The movie theater can be considered one of various modernizing forces that dramatically transformed Middle Eastern societies since the turn of the last century. Cinema Petra was the biggest and most important movie theater in Jordan throughout the 1930s and 1940s. Located in Amman, the capital of Jordan, it had a multi-purpose function. It not only screened movies but also served as a place of cultural communication and space for interaction, with room to host several thousand guests.
Ever since the introduction of cinema to the Arab world in the early 20th century, the compatibility of cinematic entertainment with Arab and Muslim norms and values has been a subject of debate: Arab cinema is frequently criticized as evidence of Westernization and acculturation. It raises questions about authenticity and acculturation, tradition, and alienation, and the roots of these relations and ideas. Many historians have conceived it solely as a tool of neocolonialism, persuading the more affluent people of the Jordan to accept Western attitudes, encouraging them to shun the language and customs of their forebears and of the working classes.
However, the Arab world gradually adopted the new medium for itself, and records show that Cinema Petra played many Arab-made dramas during the period. Picking up on timeless subjects such as romance but also contributing to the ongoing anti-colonial debates and the shaping of political opinion, Jordanians used avenues of distribution such as Cinema Petra to make and display authentic images of themselves.
Moreover, Cinema Petra also served a variety of other purposes. It was not only a movie theater but also a place of public gathering. People from different backgrounds assembled in its hall for varying reasons. While some sought recreation and entertainment, others were inspired by social responsibility or were driven by political conviction to attend political meetings or charity fundraisers. Cinema Petra played an important role for the cultural development of the city through the numerous literary events that were held there. Both guests from other Arab countries and local artists entertained with recitations from their works.

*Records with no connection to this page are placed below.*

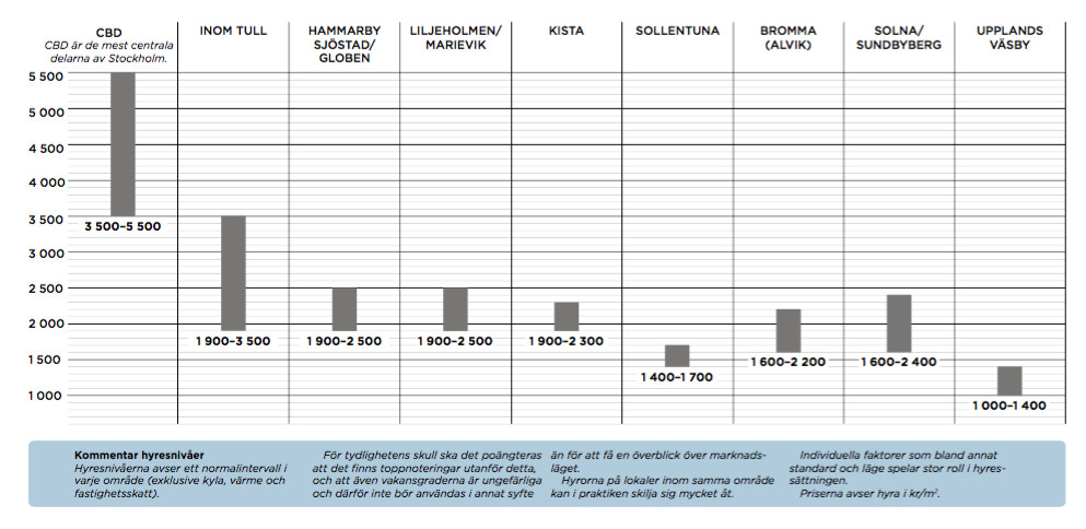 Flytten till Stockholms tillväxtområden är alltjämt stark tack vare rimliga hyresnivåer och goda kommunikationsvägar. Hyresnivåerna har inte påverkats nämnvärt av den kommande utflytten från centrala Stockholm utan tillgång och efterfrågan är tämligen balanserad vilket har lett till en svagt positiv utveckling av hyresnivåerna. Denna utveckling förväntar vi oss bestå under den närmaste framtiden.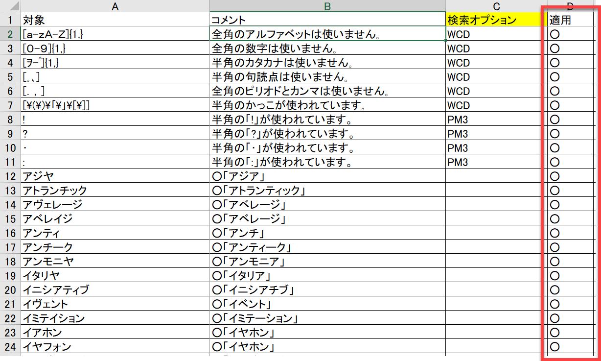 このうち、使う項目については、D列の適用を「〇」にすればチェックできるようになります。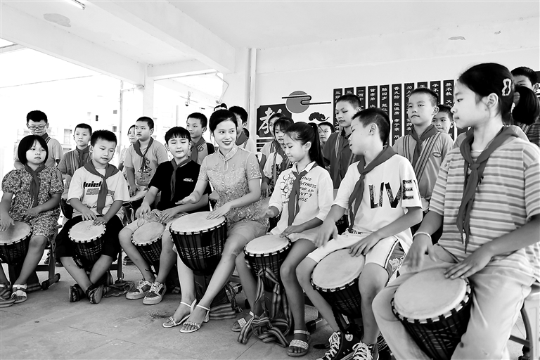 9月22日,在峡江县巴邱镇城北小学,学生们在老师的指导下练习非洲鼓。峡江县在中小学校大力开展“一校一品创特色”活动,利用大课间、课外活动、课后延时增加兴趣课程,让孩子们在快乐中学习。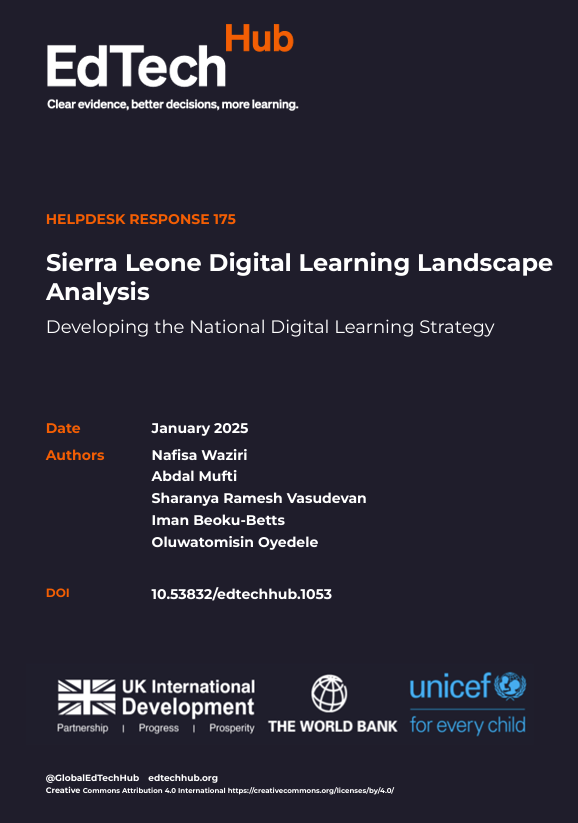 Waziri, N., Mufti, A., Ramesh Vasudevan, S., Beoku-Betts, I., & Oyedele, O. (2025). Sierra Leone Digital Learning Landscape Analysis: Developing the National Digital Learning Strategy (No. 175). EdTech Hub. https://doi.org/10.53832/edtechhub.1053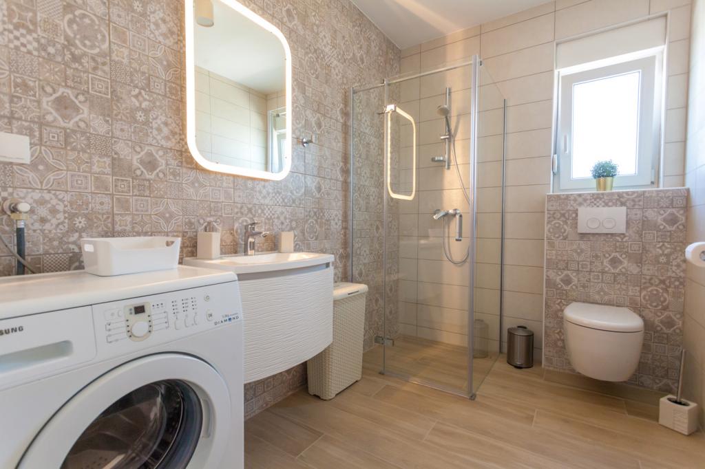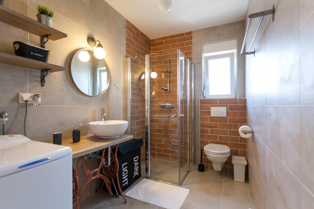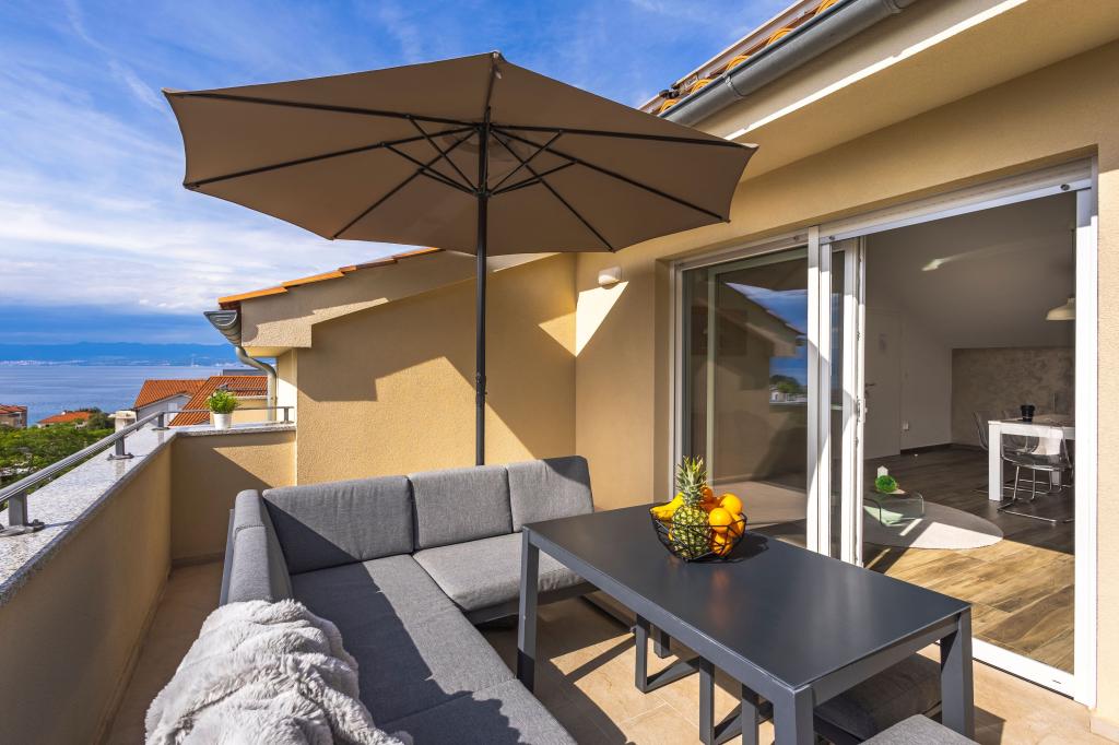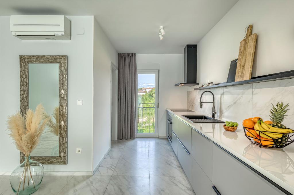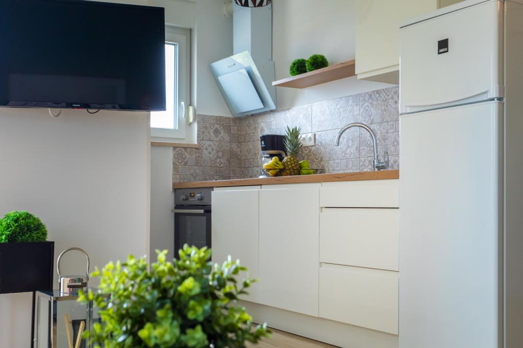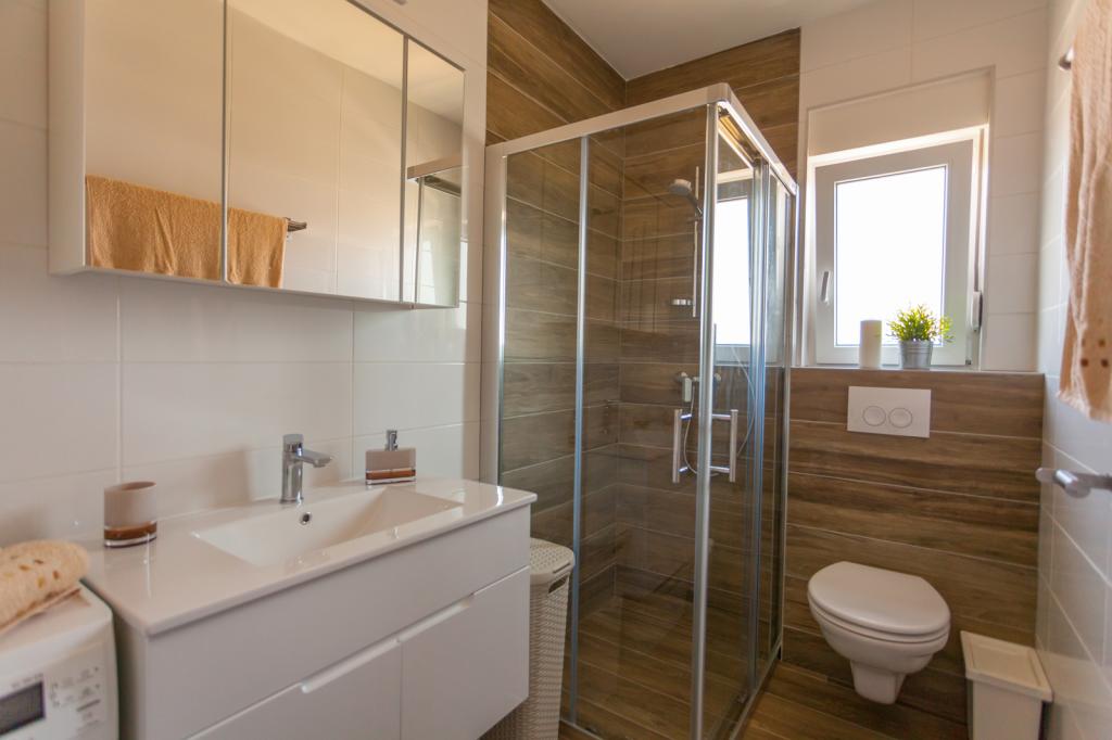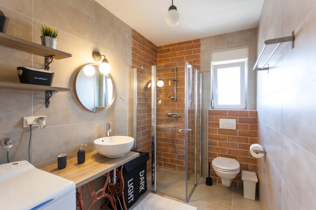 Villa FE offers modern and elegantly decorated apartments with a beautiful sea view, located in a quiet and attractive part of Malinska - Rova, just 300 meters from the beach. The villa consists of five modernly equipped apartments, one in the basement, two on the first floor and two on the second floor. The apartments on the upper floors have a private balcony ideal for relaxing with a view of the Adriatic Sea. The interior is decorated in a contemporary style with carefully selected furniture that ensures a comfortable and pleasant stay, while guests have access to air conditioning in common areas and bedrooms, a TV and fast and free WiFi throughout the property. Thanks to its excellent location near beaches, restaurants and local amenities, Villa FE is the perfect choice for a romantic vacation, family vacation or relaxing getaway by the sea.

Cinema Petra thus became part of the public space needed by Amman’s inhabitants for their cultural and political activities and may be understood as an indicator of the development of Amman’s urban society. The manifold uses of the theater crosscut boundaries of class and gender. On the one hand, it was a place where the urban elite could represent themselves through various cultural and philanthropic activities and where discussions of common concern could unfold. On the other hand, with its movie shows it welcomed all inhabitants of the city regardless of social origin, provided they could pay the entrance fee.
The various social events held at Cinema Petra reflected the growing collective responsibility and simultaneously the shifting identities of Amman’s citizens. Amman’s merchants, politicians and landowners were the key actors of national affairs. Using Cinema Petra’s spacious assembly hall, they started to organize themselves politically, culturally and philanthropically. Muslims and Christians came together for rituals like obsequies, thus blurring religious boundaries. Innovative cultural experiences with educational or political undertones triggered the integration of regional trends.
Moreover, the inhabitants of Amman developed a public discourse on cultural, social, economic and political issues bridging them to the broader Arab public sphere. With the introduction and incorporation of modernizing institutions both from regional Arab and Western culture and the gradual formation of collective action, the emerging urban elite became the agents of a broader social and political transformation process which led to the formation of a uniquely Jordanian identity.